We also are focused on assessing and improving our own cybersecurity risk profile. We now have a Chief Risk Officer to help coordinate our risk management efforts across the agency. We have worked to promote a culture that emphasizes the importance of data security throughout our divisions and offices. The staff has also been engaging with outside experts to assess and improve our security controls. We recognize, however, that no system can be entirely safe from a cyber intrusion, and that there is a lot of work that remains to be done.

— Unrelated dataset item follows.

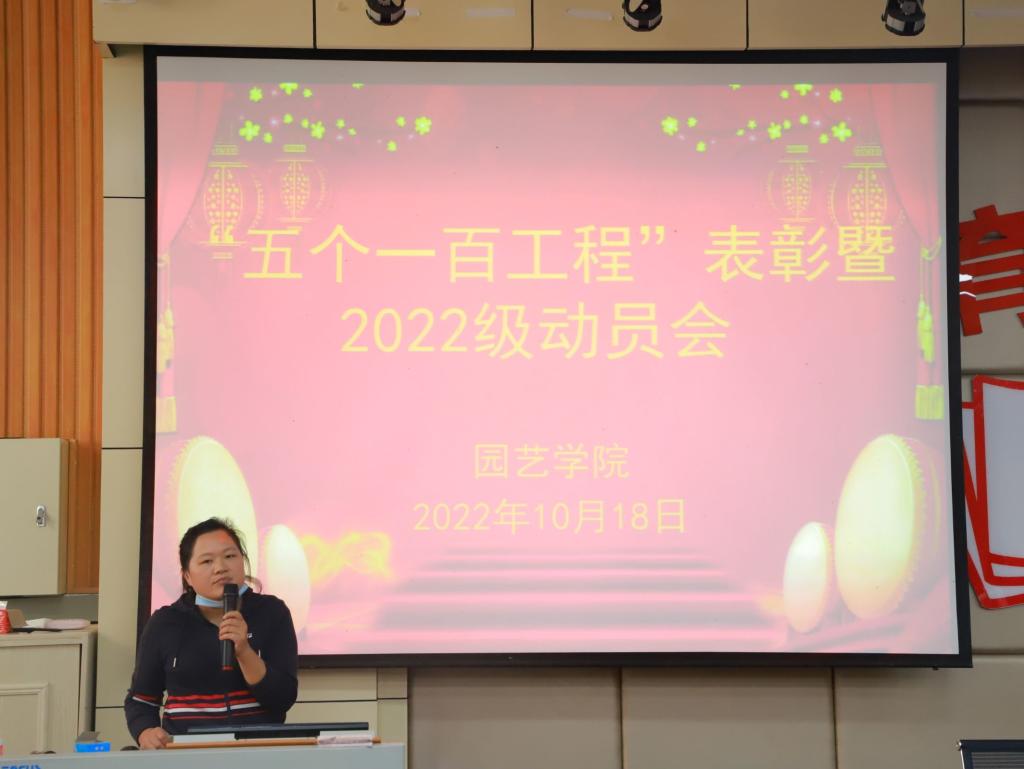 10月18日中午,园艺学院在一教E101三全育人大讲堂教室召开了“五个一百工程”2021-2022年度表彰暨2022级学生推进会,党总支书记张祖成、副书记陈丽文、专职辅导员陈娟娟和19级、20级、21级各班班长、团支部书记及2022级班级所有学生干部参加了本次表彰推进会。陈丽文主持会议。

From an enforcement perspective, our Cyber Unit is dedicated to targeting cyber-related misconduct in our markets. Among other things—in addition to looking at potential violations in some of the areas I have just described—the Cyber Unit has focused on alleged misconduct involving intrusions into retail brokerage accounts, the submission of false regulatory filings and hacking to obtain material non-public information.”
Nevada Fiduciary Duty
On January 18, 2019, the Nevada Secretary of State’s Office Securities Board of the State of Nevada, released draft Fiduciary Duty Regulations for Broker Dealers and Sales Representatives, Investment Advisers and Representatives of Investment Advisers. Comments may be submitted on or before March 1, 2019.
The SEC has given us a roadmap for investment adviser examinations for FY 2019. There is nothing new here, but new ways of looking at old problems and more emphasis on cybersecurity. Trust us, no one wants to have to notify their clients that their account information has been breached.
Based on Nevada’s Draft Regulation, it appears that some states aren’t willing to wait for the SEC to finalize registrant’s fiduciary obligations.